EverCred × MH AI · AI Search Visibility Audit
How EverCred shows up (or does not) when a physician or practice manager asks ChatGPT, Perplexity, Google's AI Overviews, and Gemini about credentialing, who wins those answers instead, and how I recommend we track and close the gap.
Everything else in this report is an MH AI recommendation I am already executing, not an ask.
EverCred is effectively invisible in AI answers today. Across 16 real buyer questions run live through Perplexity, ChatGPT (search), and Gemini, EverCred appeared in zero of the unbranded category questions, the exact questions a physician or practice manager actually types. It only surfaced when I put the word "EverCred" directly in the prompt, and even then the answers were either shallow (web engines said they "could not verify EverCred from independent sources") or flat wrong (Gemini claimed EverCred is "associated with Modio Health," a direct competitor, which is false).
Competitors own the category answer. Modio Health, symplr, Medallion, CredentialStream/VerityStream, MedTrainer, and Verifiable are the names AI recommends for "credentialing software for a small practice" and "Medallion alternatives." For a company trying to create the "AI credentialing" category, that is the top of the funnel walking past us.
The root cause is not the website copy, it is missing trust nodes: AI engines cite G2, Capterra, Software Advice, Crunchbase, and independent review sites, and EverCred is absent from all of them. My plan is three moves I run now (AEO-structured answers to the real buyer questions, comparison/alternatives pages, and machine-readable schema, all folding into the SEO program) plus one move only your side can make (a handful of customer reviews), and a low-cost tracker so we measure the climb.
MH AI recommendation on method: test the engines with the questions buyers actually ask, not vanity brand searches.
Claude (the API key on my side returned an auth error). Claude answers mostly from training memory with no live web search, so its behavior tracks the Gemini "model knowledge" result below. The tracking tool I recommend covers Claude going forward.
16 real buyer questions across the two ICPs (individual physicians and practices/orgs) and the category itself, grouped by buyer intent. Full list below.
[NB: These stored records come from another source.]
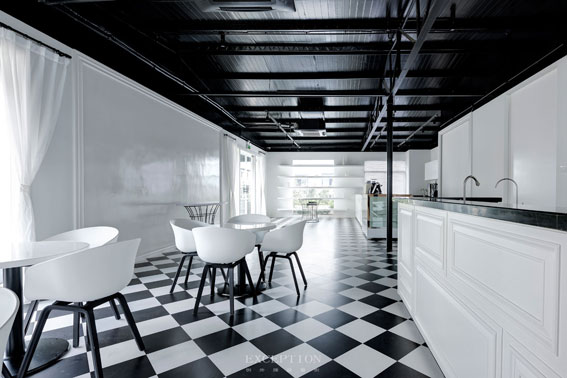 推門而入,咖啡吧臺的奶白色仿若卡布奇諾里綿密甜膩的奶沫,吸引著人們體驗咖啡在味蕾釋放的快感。歐式框看似隨意的排布,卻給空間帶來一種規整平衡的魅力。
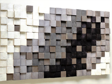 White Blue Shades of Gray Wood Mosaic Wall Decor
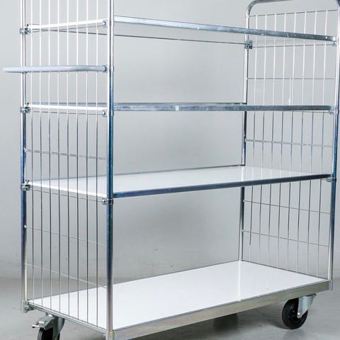Vagnen försedd med 2 st. fasta, 2 st ledade hjul.
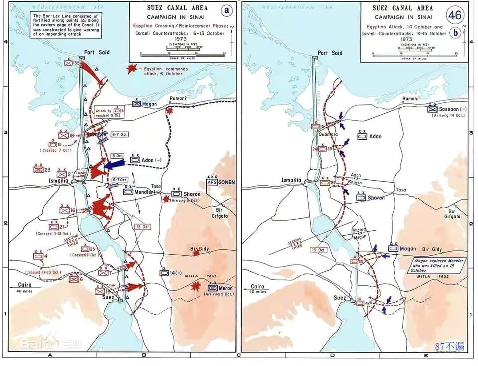 埃及進攻西奈半島路線圖(圖片來源:Wikipedia)
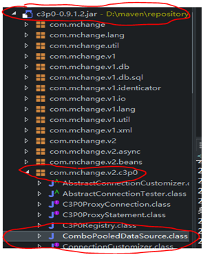 dataSource=com.mchange.v2.c3p0.ComboPooledDataSource 是下图中的jar包
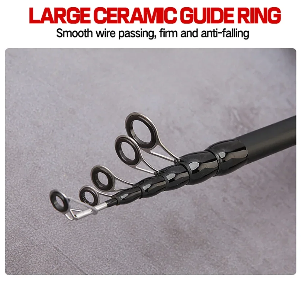 3.Los anillos guía de cerámica de alta calidad minimizan la fricción de la línea, disipan el calor de manera eficiente y brindan lanzamientos suaves al recuperarse.
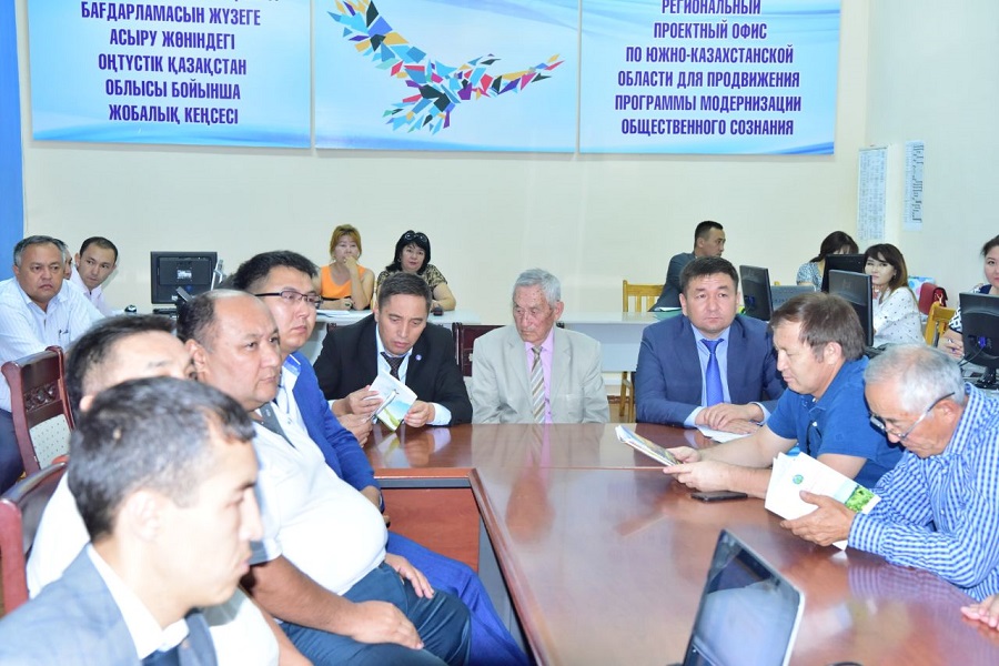О́ńirdegi atqarylǵan jumystarǵa qanyqqan L.Gýmılev atyndaǵy Eýrazııa Ulttyq ýnıversıeti rektorynyń áleýmettik-mádenı damý jónindegi prorektory Dıhan Qamzabekuly Elbasynyń «Rýhanı jańǵyrý» baǵdarlamasynyń mańyzdylyǵy jaıynda sóz qozǵady. Ol sondaı-aq, respýblıka kóleminde qolǵa alynǵan jobalyq menedjment jumysy boıynsha Ońtústik Qazaqstan oblysyndaǵy qoǵamdyq sanany jańǵyrtý jobalyq keńsesi tarapynan júzege asyrylyp jatqan jumystarǵa oń baǵasyn berdi.
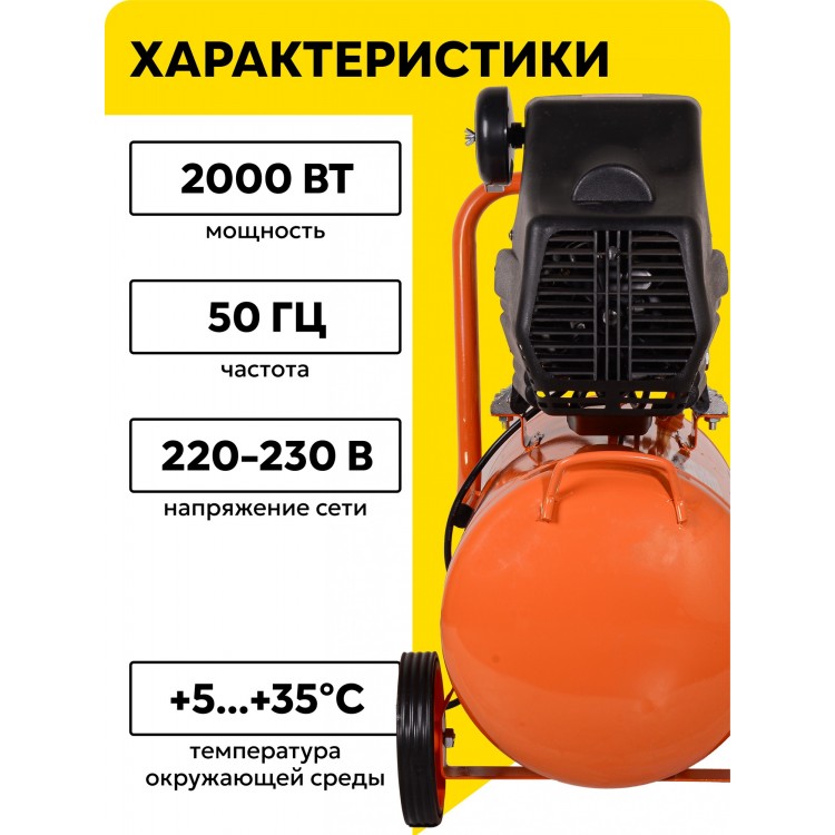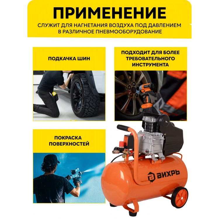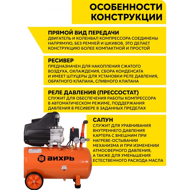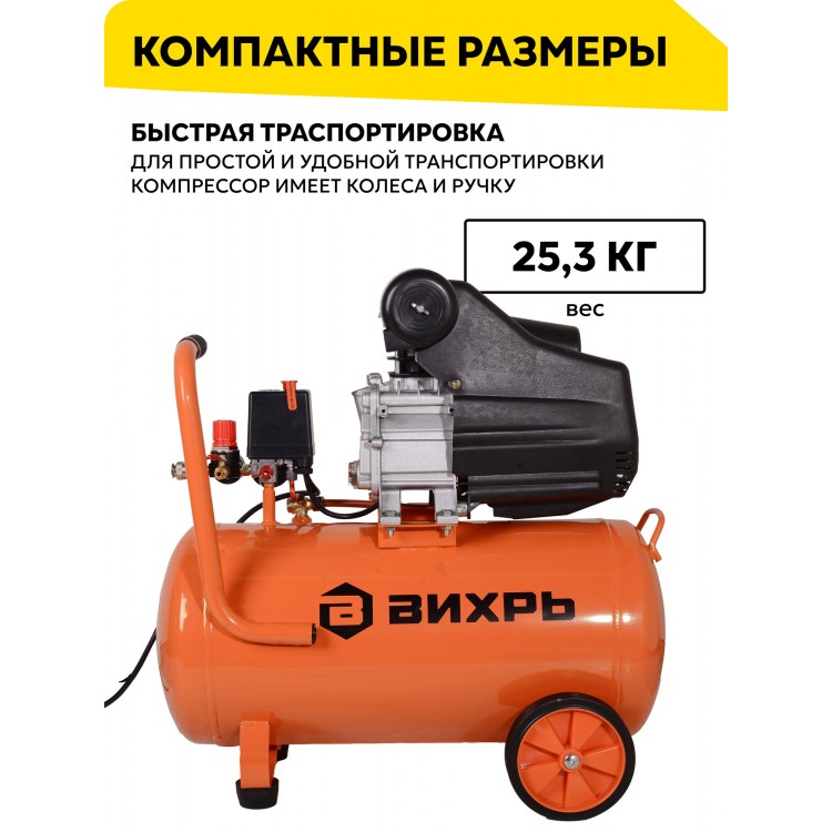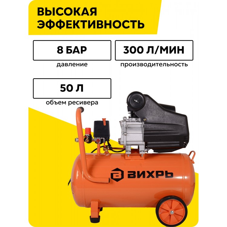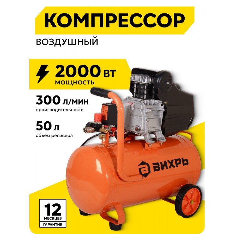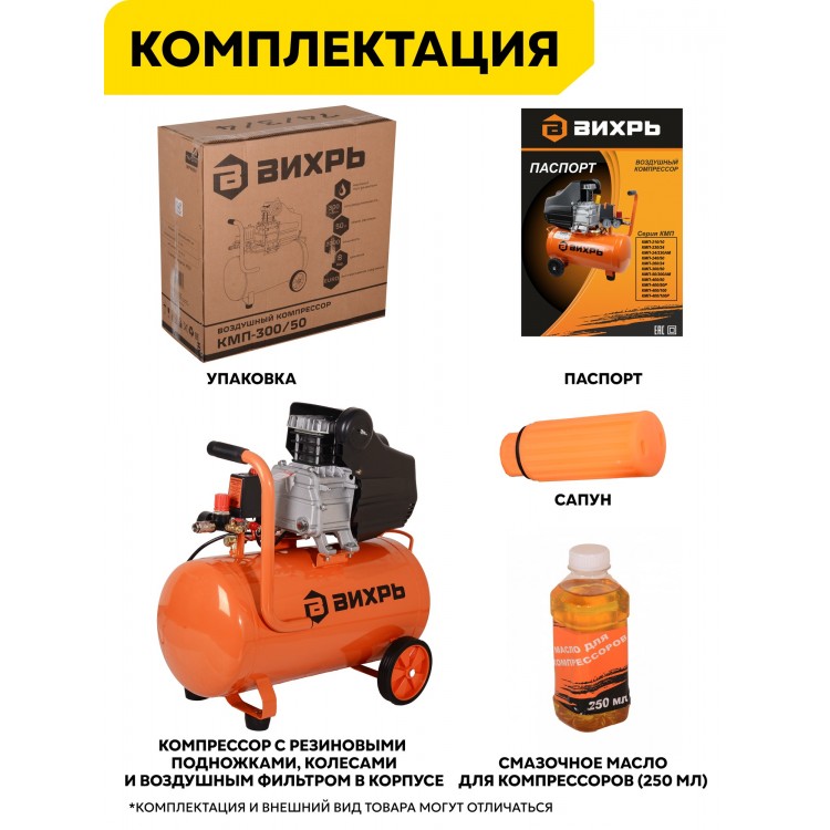 Компрессор Вихрь КМП-300/50 имеет горизонтальный ресивер объёмом 50 л. Напряжение устройства — 220 В, а уровень шума не превышает 80 дБ. Коаксиальный (прямой) привод обеспечивает надёжную работу компрессора. В комплекте с ним идёт кабель питания.
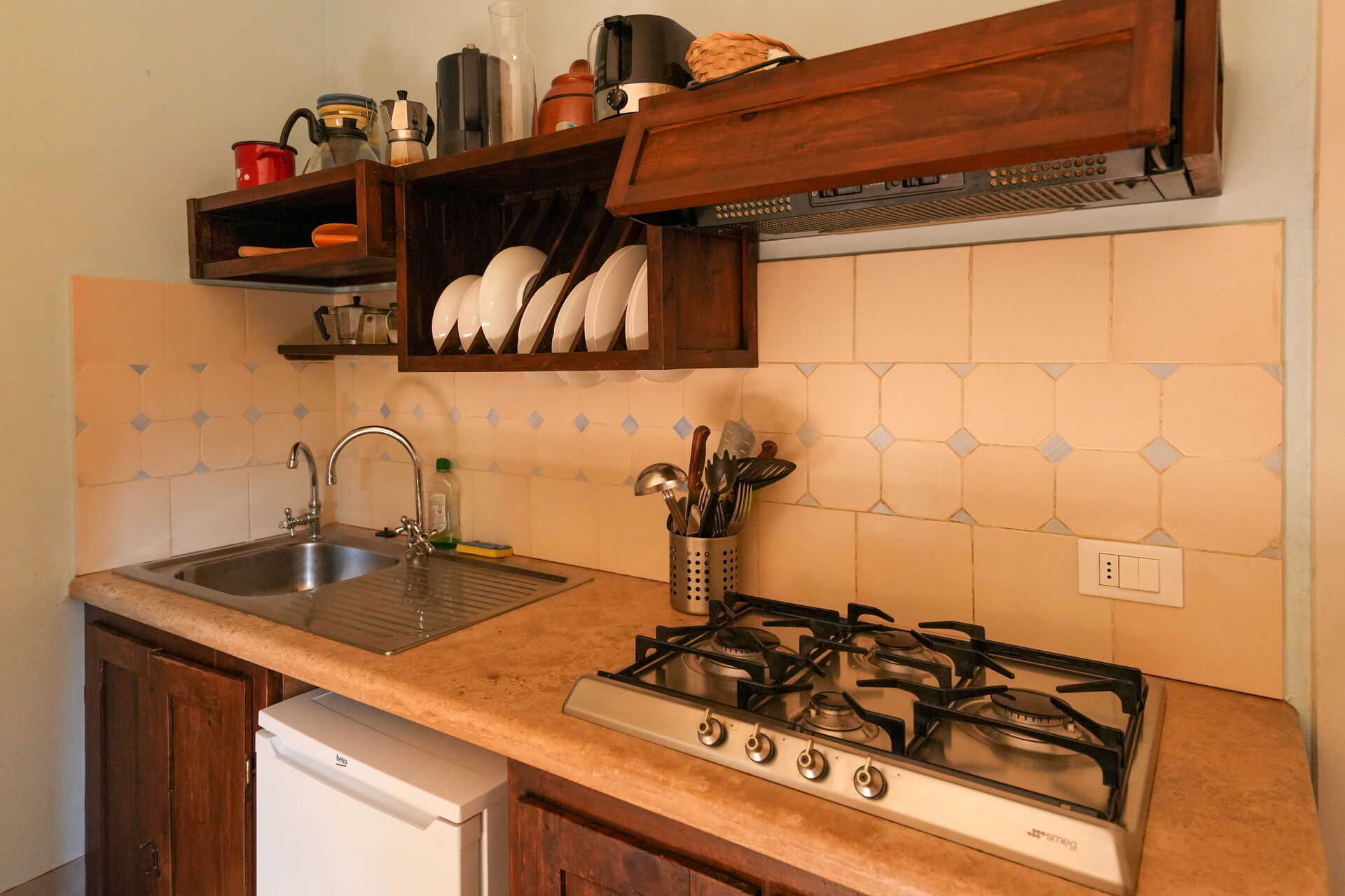 Hvis I nyder at lave mad til familie og venner så er der et veludstyret køkken med , samt masser af service og bestik til op til fire personer.
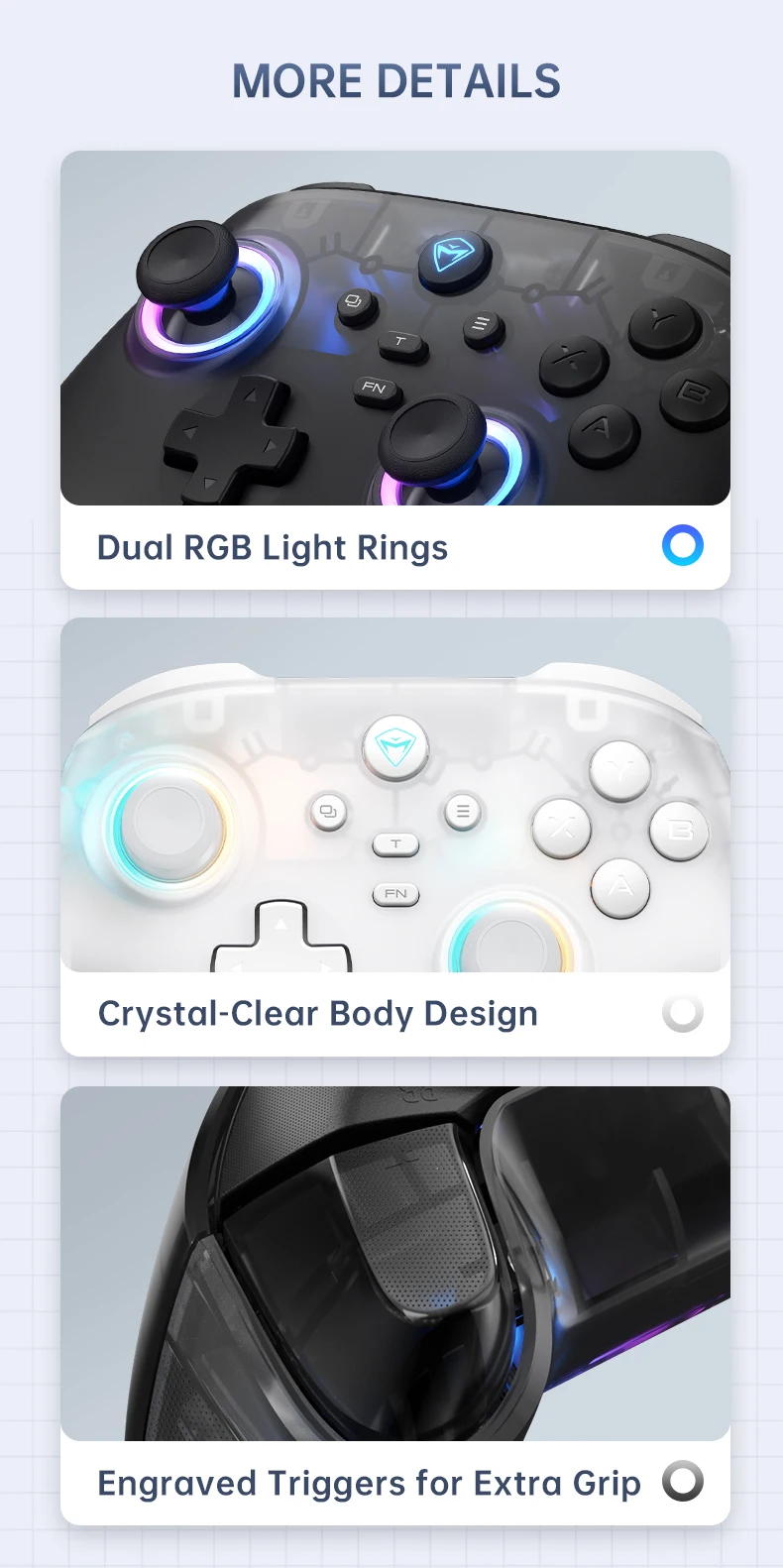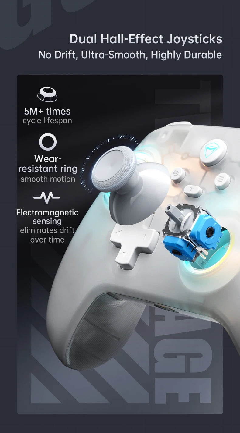 Equipped with dual Hall-effect joysticks & triggers, ensuring precise position tracking and pressure sensitivity for smooth and accurate control.
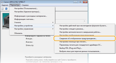 Можно отключить отображение сообщения [Вскоре потребуется замена картриджа с тонером.], выполнив следующие действия. Выберите меню [Параметры] окна состояния принтера  [Настройки устройства]  Снимите флажок [Отображать уведомление о замене картриджей] в диалоговом окне [Настройки отображения предупреждения].
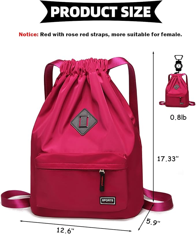• Drawstring closure (Notice: Red with rose red strap, more suitable for girls)
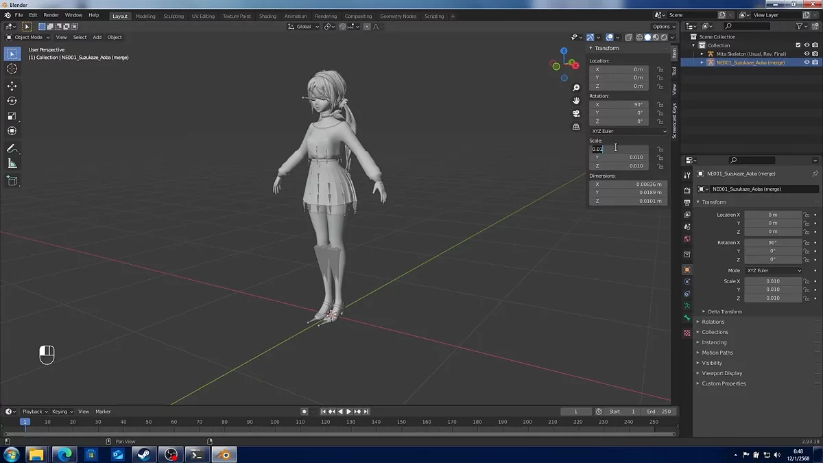 Jika Anda ingin sepenuhnya mengembangkan kostum Anda sendiri, Anda akan memerlukan kemampuan untuk menggunakan Blender atau salah satu analognya, serta pengetahuan di bidang pemodelan. Template Mita dapat diunduh dari berbagai situs atau diperoleh dari file game. Misalnya, Anda dapat mengunduhnya menggunakan mod ini yang diposting di situs web kami.
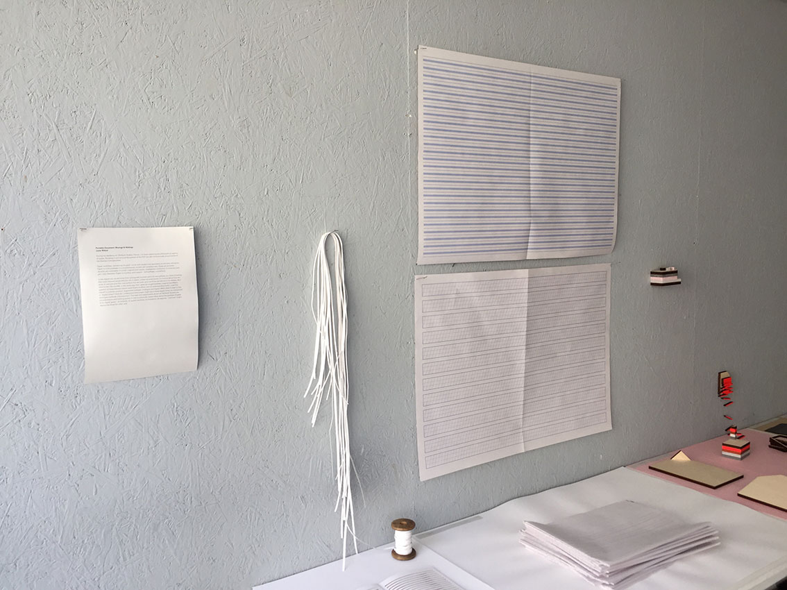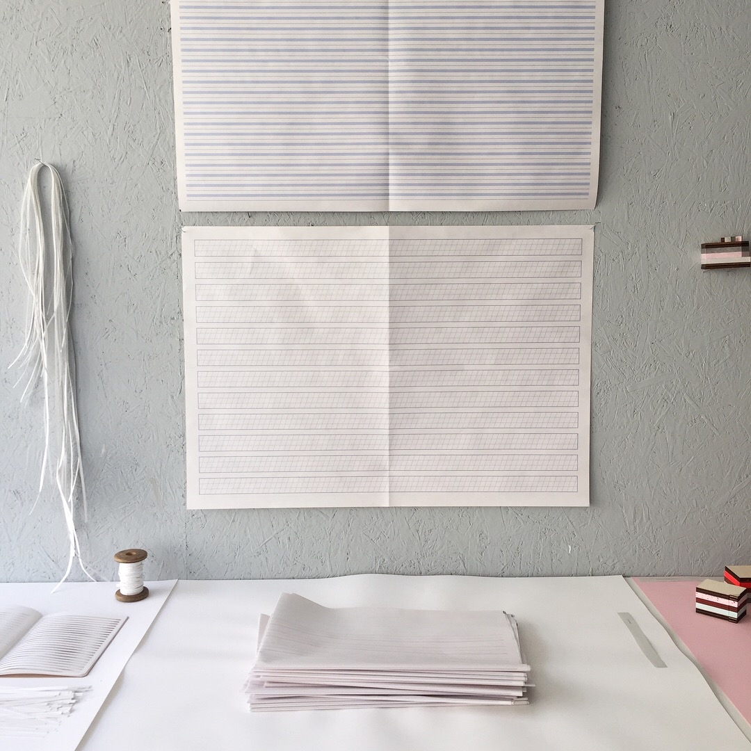 Paper mobilises, connecting its users’ voices with readers and spectators across time and space. Paper is multi-purpose: it is simultaneously ancient yet contemporary, cheap yet priceless, durable yet vulnerable; it is both originals and copies, classlessness and luxury; it constrains and yet it also liberates. Paper is a surface and a space – and perhaps, a prosthesis. | In the digital era, as we move from writing with fountain pens on real surfaces, to a form of writing that exists beyond physicality (no ink or paper, unless we press print), I’m curious about how we think of and perceive this new surface that we write upon and how we behave in its witness. As a child of the 70s and 80s, in the same way that I grew up caught between Imperial and Metric systems of measurement (never quite fluent in either, sort of understanding both), I now find myself in a similar position: suspended between analogue and digital. What does it mean to live in ’digital times’? How do I understand what paper might be in these digital times via manual and analogue methods of production? The tests and experiments shown at Old Bank Studios are considerations and starting-points in how to physically realise ideas about the qualities of paper in its digital guise – its mobility, its spatial qualities, its limitations, its expanse – and how I might repurpose these for other acts. |

Does EverCred appear? Who appears instead? Is the information about EverCred accurate?
One caveat worth naming: these API models approximate the consumer apps but are not identical (the consumer apps add personalization and session history). The pattern is consistent and stark enough across all three engines that the conclusion holds regardless.
| Question type | Examples | Answers checked | Times EverCred appeared |
|---|---|---|---|
| Problem-aware (category) | "Why does credentialing take so long?" "How do I automate credentialing for a practice?" | 9 | 0 |
| Solution-aware (category + practice) | "Best credentialing software for a small practice," "AI credentialing tools 2026," "credential wallet app for physicians" | 18 | 0 |
| Individual physician | "How can a locum physician manage credentials across states?" "App to track my license and CME deadlines" | 6 | 0 |
| Brand-named | "What is EverCred?" "Is EverCred legitimate?" "EverCred vs Medallion vs Modio" | 9 | 6 (low quality, see Section 4) |
| Comparison / alternatives | "symplr alternatives," "Medallion alternatives" | 6 | 0 |
Read this way: for every question where the buyer does not already know EverCred's name, EverCred is absent. The only time it shows up is when the buyer already typed "EverCred," which means AI is doing nothing to introduce EverCred to a new buyer. And the two questions EverCred should win outright, "symplr alternatives" and "Medallion alternatives," it loses completely.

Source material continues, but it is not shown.